Let $J$ be an ideal of definition of $\mathfrak X$, and let $I$ be an ideal of definition of $\mathfrak Y$ containing $f^{*}(J)\,\mathcal O_{\mathfrak Y}$. This is possible due to the continuity of $f$. For $n\geq 0$, we consider the schemes $\mathfrak X_n := (|\mathfrak X|,\mathcal O_{\mathfrak X}/J^{n+1})$. Then $\mathfrak X$ can be identified with the inductive system $(\mathfrak X_n)$. We can do similarly for $\mathfrak Y$. Then, the morphism $f$ induces a family of compatible morphisms $f_n:\mathfrak X_n \to \mathfrak Y_n$ of schemes.
If $f$ is formally smooth, is it true that all the $f_n$'s are also formally smooth ?
I have done the following. I fix $n$ and I consider $\mathfrak X_n$-schemes $Z$ and $T$ as above. I also consider a morphism $T\to \mathfrak Y_m$ over $\mathfrak X_m$. Using compositions with $\mathfrak Y_m \hookrightarrow \mathfrak Y$ and $\mathfrak X_m \hookrightarrow \mathfrak X$, I can look at $Z$ and $T$ over $\mathfrak X$ and I get a $T$-point of $\mathfrak Y$ over $\mathfrak X$. By hypothesis, it lifts to a $Z$-point of $\mathfrak Y$ over $\mathfrak X$.
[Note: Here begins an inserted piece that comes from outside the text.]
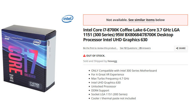 اگر سری به فروشگاههای آنلاین بزرگ چون Newegg بزنید، برخی پردازندههای Coffee Lake در اغلب آنها ناموجود شدهاند و با فاصله تحویل چند هفتهای پیش فروش میشوند. هم اکنون Core i7 8700K در فروشگاه Newegg ناموجود شده و تاریخ تحویل تقریبی بین 15 الی 20 روز ذکر شده است. Newegg تأیید کرده این فروشگاه بیش از 3000 عدد پردازنده Core i7 8700K سفارش داده که انتظار میرود طی 3 الی 5 هفته به دست آنها برسد.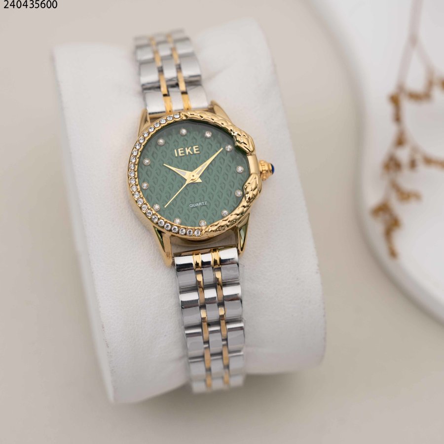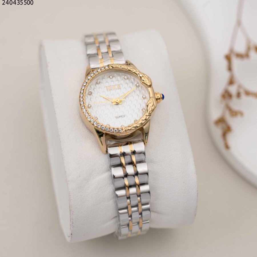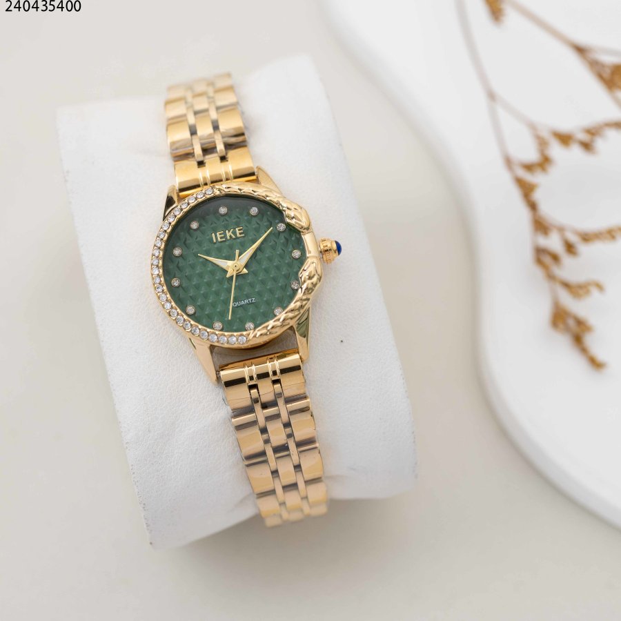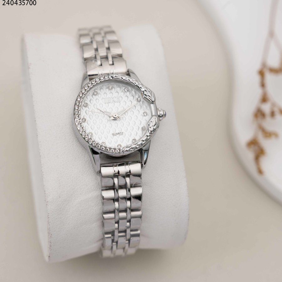 ساعة نسائية دائرية مع زركون وحزام معدني

To conclude, I would like to justify that it factors through $\mathfrak Y_m$. That is, if I write $g:Z \to \mathfrak Y$, I would have to check whether the map $g^{*}I^m \to \mathcal O_{Z}$ is zero. Because the structure map $f\circ g: Z \to \mathfrak X$ factors through $\mathfrak X_m$, I know that $g^{*}f^{*}J^m\to \mathcal O_Z$ is zero. Thus, it would be over with the additional assumption that $f$ is adic.
But what if $f$ is not adic ? Currently I do not see how I could progress further. However, I have also been unable to come up with a counter example...